Pipeline operators in MongoDB ($group, $unwind, $sort, $limit, $skip)

One, $group

1. Basic operation

$groupIt can be used to group documents. For example, I want to group orders by city and count the number of orders in each city:

db.sang_collect.aggregate({$group:{_id:"$orderAddressL",count:{$sum:1}}})

We pass the field to be grouped to the _id field of the $group function, and then whenever we find one, we add 1 to the count, so that we can count the number of orders in each city.

2. Arithmetic Operators

Through arithmetic operators, we can sum or average the grouped documents. For example, I want to calculate the total shipping cost of each city order as follows:

db.sang_collect.aggregate({$group:{_id:"$orderAddressL",totalFreight:{$sum:"$freight"}}})

Group by address first, and then sum. Some of the query results are posted here, as follows:

{
    "_id" : "HaiKou",
    "totalFreight" : 20.0
}
{
    "_id" : "HangZhou",
    "totalFreight" : 10.0
}

You can also calculate the average freight for each city, as follows:

db.sang_collect.aggregate({$group:{_id:"$orderAddressL",avgFreight:{$avg:"$freight"}}})

First group by address, and then calculate the average.

3. Extreme value operators

The extreme value operator is used to obtain the marginal value of the grouped data set, for example, to obtain the most expensive freight for each city, as follows:

db.sang_collect.aggregate({$group:{_id:"$orderAddressL",maxFreight:{$max:"$freight"}}})

Query the cheapest shipping cost in each city:

db.sang_collect.aggregate({$group:{_id:"$orderAddressL",minFreight:{$min:"$freight"}}})

After grouping by city, get the first freight bill for that city:

db.sang_collect.aggregate({$group:{_id:"$orderAddressL",firstFreight:{$first:"$freight"}}})

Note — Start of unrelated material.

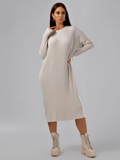 Вязаное платье лапша с длинным рукавом
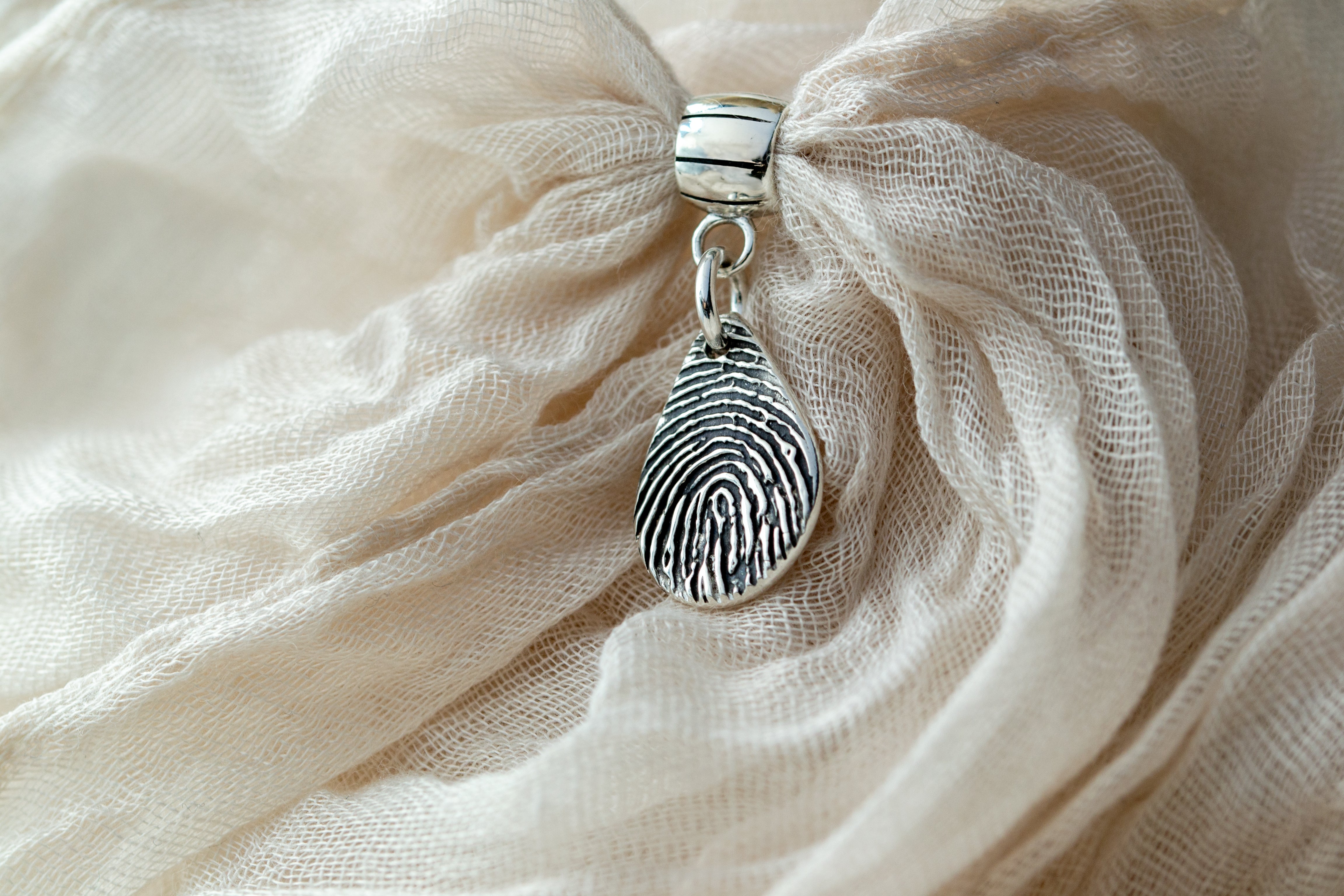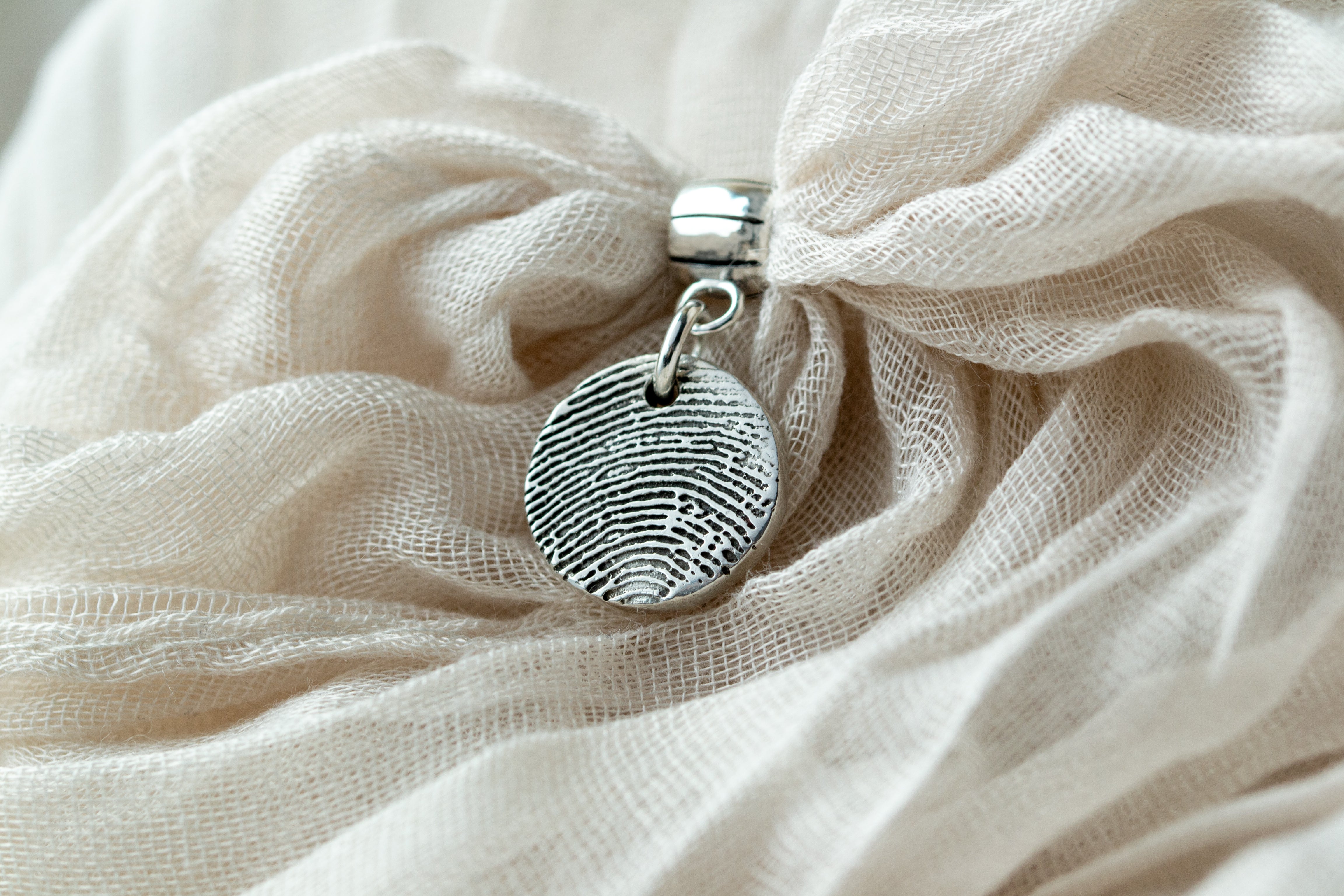 Ima li mjesta za još jedan privjesak na vašoj narukvici iz Pandore? Zašto ne kupiti nešto sasvim osobno? Sačuvajte teksturu otiska prsta na privjesku od čistog srebra, na kopči koja je kompatibilna s nakitom iz Pandore. Ako već imate otisak uzet tintom, jednostavno ga učitajte prilikom naručivanja nakita ili svojoj narudžbi dodajte pribor za uzimanje otiska tintom. Odaberite privjesak iz ponude raznih oblika, a mi ćemo ugravirati ime i dob osobe na poleđini privjeska što je uključeno u cijenu!

Get the last freight bill after grouping:

db.sang_collect.aggregate({$group:{_id:"$orderAddressL",lastFreight:{$last:"$freight"}}})

Data operator

$addToSetYou can put a certain field after grouping into an array, but the repeated elements will only appear once, and the order of adding the elements to the array is irregular, for example, put the freight of each city after grouping into an array In, as follows:

db.sang_collect.aggregate({$group:{_id:"$orderAddressL",freights:{$addToSet:"$freight"}}})

Duplicate freight will not be added.

$push does not impose restrictions on repeated data, and can be added as follows:

db.sang_collect.aggregate({$group:{_id:"$orderAddressL",freights:{$push:"$freight"}}})

Two, $unwind

$unwindUsed to split the document, you can split the values ​​in the document into separate documents, for example, my data is as follows:

{
    "_id" : ObjectId("59f93c8b8523cfae4cf4ba86"),
    "name" : "鲁迅",
    "books" : [ 
        {
            "name" : "呐喊",
            "publisher" : "花城出版社"
        }, 
        {
            "name" : "彷徨",
            "publisher" : "南海出版出"
        }
    ]
}

Use the $unwindcommand to split it into independent documents, as follows:

db.sang_books.aggregate({$unwind:"$books"})

The results of the split are as follows:

{
    "_id" : ObjectId("59f93c8b8523cfae4cf4ba86"),
    "name" : "鲁迅",
    "books" : {
        "name" : "呐喊",
        "publisher" : "花城出版社"
    }
}
{
    "_id" : ObjectId("59f93c8b8523cfae4cf4ba86"),
    "name" : "鲁迅",
    "books" : {
        "name" : "彷徨",
        "publisher" : "南海出版出"
    }
}

Three, other operators: sort/limit/skip

$sortThe operation can sort the documents as follows:

db.sang_collect.aggregate({$sort:{orderAddressL:1}})

The usage is the same as the normal search we introduced earlier. It can be sorted by existing fields, or sorted by renamed fields, as follows:

db.sang_collect.aggregate({$project:{oa:"$orderAddressL"}},{$sort:{oa:-1}})

1 means ascending order, -1 means descending order.

$limitReturn the first n documents in the result, as the first three documents in the returned result:

db.sang_collect.aggregate({$project:{oa:"$orderAddressL"}},{$limit:3})

$skipRepresents skipping the first n documents, for example, skipping the first 5 documents, as follows:

db.sang_collect.aggregate({$project:{oa:"$orderAddressL"}},{$skip:5})

$skipThe efficiency is low, so use it with caution.

Four, summary

At the beginning of the pipeline, as much data as possible is filtered out. This has two advantages:

Indexes are only used when querying directly from the collection. Performing filtering as early as possible can make the index work; after
the filtered data is filtered out, the execution pressure of the subsequent pipelines can also be reduced. In addition, MongoDB does not allow an aggregation operation to occupy too much memory. If an aggregation operation occupies more than 20% of the memory, an error will be reported directly.